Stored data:

● ● ●

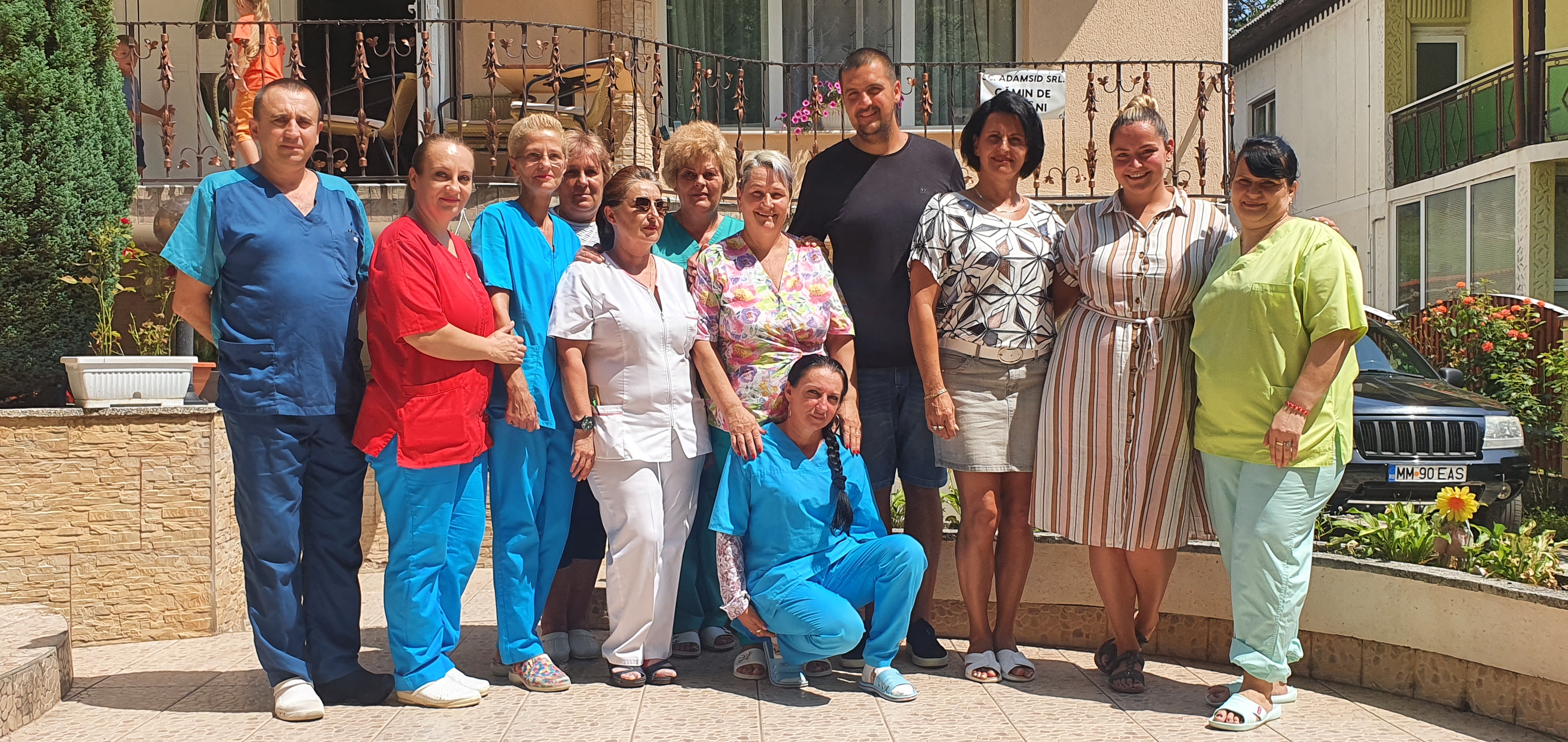 Timp de un an de zile am dormit în același cămin cu ei, am făcut serviciu de noapte ca infirmier, cu toate că aveam personal, i-am protejat ca să se odihnească. Nu este o muncă ușoară. Lumea crede că plătind niște bani pentru aceste servicii, ne rămân nouă în buzunar, ceea ce nu se întâmplă. Sunt niște costuri, sunt niște plăți de făcut, avem medici cu care colaborăm. Acum colaborăm cu medicul psihiatru Paul Bute, cu doamna doctor psiholog Mădălina Palfi, în vederea asigurării tratamentului medicamentos al bătrânilor. Dorim să stagnăm din depresii, din demențe mixte, vasculare, senile, din Alzheimer-uri, din schizofrenii, deși unii sunt chiar tineri, dar au astfel de afecțiuni. Reușim să stagnăm aceste afecțiuni cu ajutorul medicilor care sunt extraordinari și sunt trup și suflet în fiecare săptămână, le oferă tratamentul și îi îndrăgesc pe vârstnici”, arată Stela Pura, administratorul Adamsid.
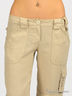 Льняные брюки прямого покроя. Отрезной пояс. Широкие шлевки для ремня. Застегиваются на молнию и пуговицу. Спереди два накладных кармана, сбоку один накладной с клапаном на пуговицах, сзади имитация карманов. Низ брючин посажен на кулиску.
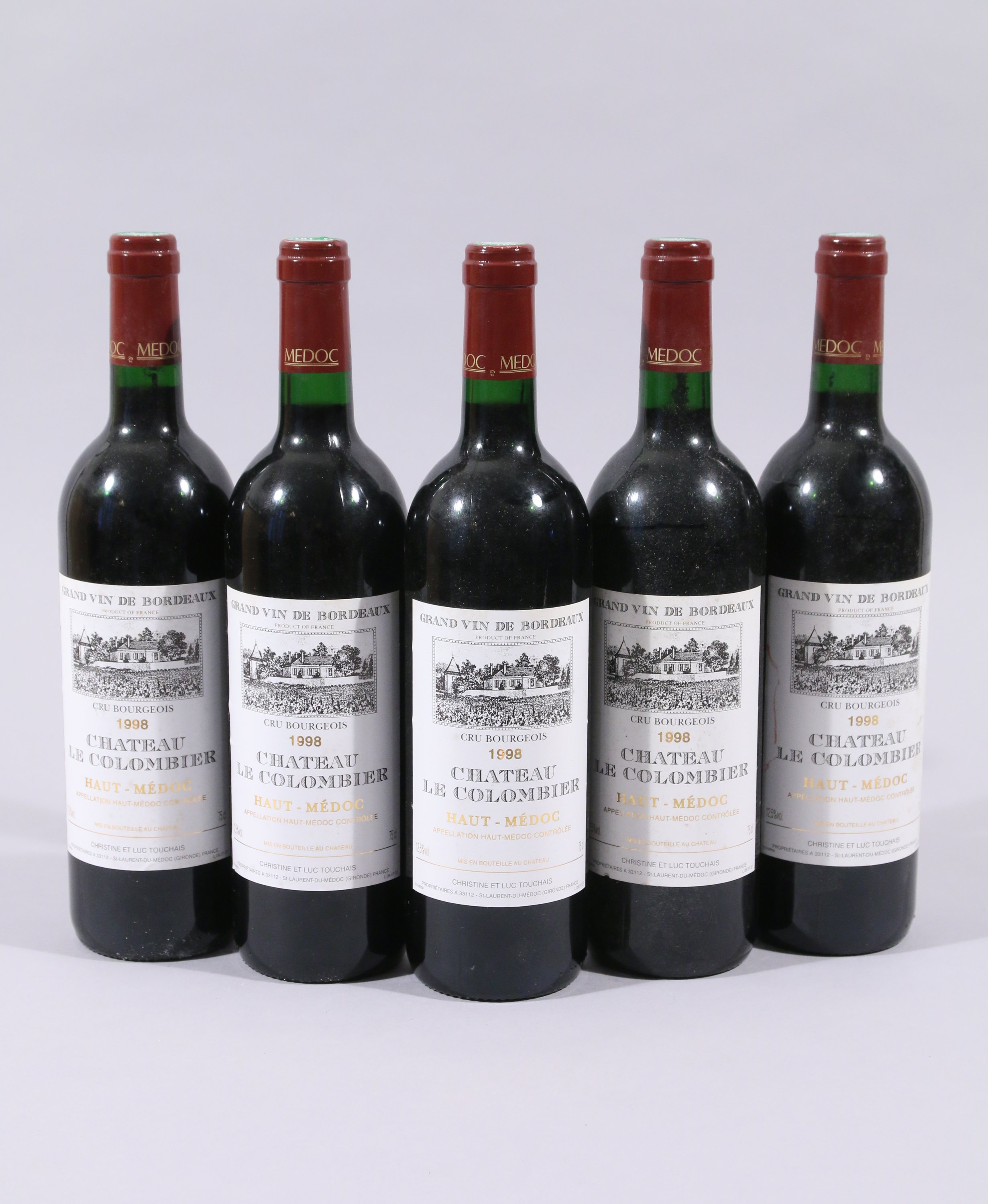 HAUT-MÉDOC, Château Le Colombier/Cru bourgeois , 1998, 5 bouteilles, N / BG, une étiquette tachée.
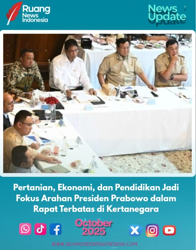Jakarta, RuangNewsIndonesia.Com – Presiden Prabowo Subianto memfokuskan arah kebijakan pemerintah pada penguatan sektor pertanian, ekonomi, dan pendidikan dalam rapat terbatas bersama Kabinet Merah Putih di Kertanegara, Jakarta, Kamis (16/10/2025).
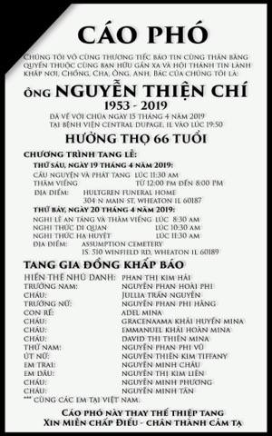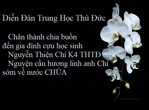 Gia đình chúng tôi xin chân thành cảm tạ Thầy Cô, các bạn Diễn Đàn THTĐ và cô Đặng Hồng Cúc đã email chia buồn và gởi vòng hoa đưa tiển nhà tôi : NGUYỄN THIỆN CHÍ về an nghĩ nơi nước Chúa
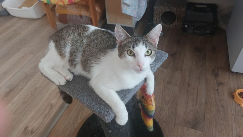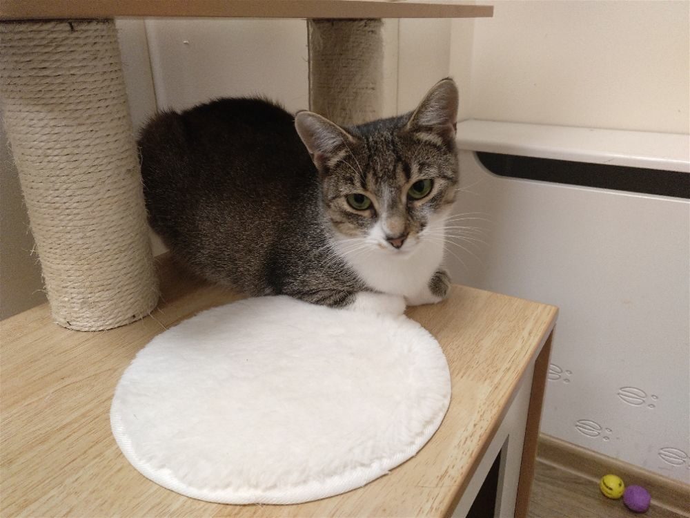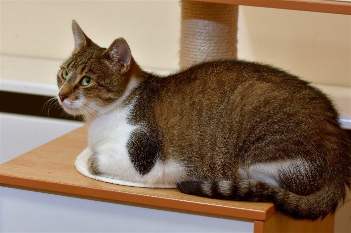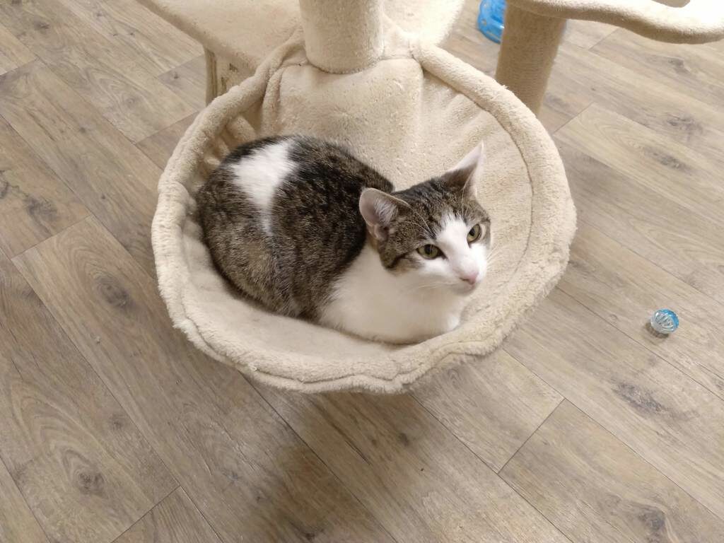 Kotka jest bardzo spokojna. Odchowała maluchy i szuka domu dla siebie. Bywa czasem płochliwa.
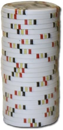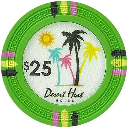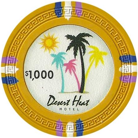 These are the new "DESERT HEAT" clay composite poker chips from Claysmith Gaming. Claysmith offers true casino quality poker chips for the home player. This is the Desert Heat poker chip design. The Desert Heat inlay is set upon a Claysmith Gaming Greek Key molded poker chip. The Desert Heat has twelve thin stripes in bunches of three for its edge markings. The layout of this poker chip is similar to the very popular Mirage poker room casino chip. The Desert Heat inlay uses the sun and vividly colored palm trees to convey its warm desert theme. The denomination is well placed and easy to read on the left hand side of the inlay. The fictitious casino destination "Desert Heat Hotel" is written along the underside. Claysmith Gaming is synonymous with poker quality. Claysmith brings casino aestheticism with fresh new designs to your home game. Claysmith poker chips feel and look substantial, which enhances your playing experience. Most home use poker chips are just a component of the game. Claysmith chips are a part of the enjoyment of the game. Players are excited when they hear that you will be playing with Claysmith chips in your poker game. You will be proud when you set them on your table. These chips are available in 12 different denominations: $0.25 cents, $0.50 cents, $1, $5, $10, $25, $50, $100, $500, $1000, $5000, & $10,000. NOTE: YOU WILL RECEIVE 500 NEW CHIPS PER ORDER (NO CASE). PLEASE CHOOSE CHIPS VIA EMAIL IN MULTIPLES OF 25 AFTER PURCHASE. SUBJECT TO AVAILABILITY.
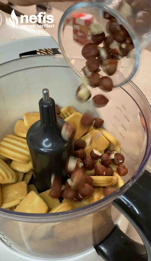 - Rondoya cici bebe bisküvileri ve fındık koyarak (ceviz de olur) toz haline getirelim. Meyvelerimizi de dilimleyip bekletelim.
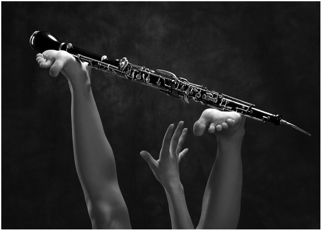 Love it! I love the way the toes are ed, how far away the hand is, how the hand is really stretching out, the angle of the oboe, the title -- simply brilliant! And beautifully executed.

● ● ●

Exercise instructions: Output exactly those lines of the data above that run from the line with "HAUT-MÉDOC, Château Le" up to and including the line with "Kotka jest bardzo". No pictures go in.

Solution to this exercise:
 HAUT-MÉDOC, Château Le Colombier/Cru bourgeois , 1998, 5 bouteilles, N / BG, une étiquette tachée.
Jakarta, RuangNewsIndonesia.Com – Presiden Prabowo Subianto memfokuskan arah kebijakan pemerintah pada penguatan sektor pertanian, ekonomi, dan pendidikan dalam rapat terbatas bersama Kabinet Merah Putih di Kertanegara, Jakarta, Kamis (16/10/2025).
 Gia đình chúng tôi xin chân thành cảm tạ Thầy Cô, các bạn Diễn Đàn THTĐ và cô Đặng Hồng Cúc đã email chia buồn và gởi vòng hoa đưa tiển nhà tôi : NGUYỄN THIỆN CHÍ về an nghĩ nơi nước Chúa
 Kotka jest bardzo spokojna. Odchowała maluchy i szuka domu dla siebie. Bywa czasem płochliwa.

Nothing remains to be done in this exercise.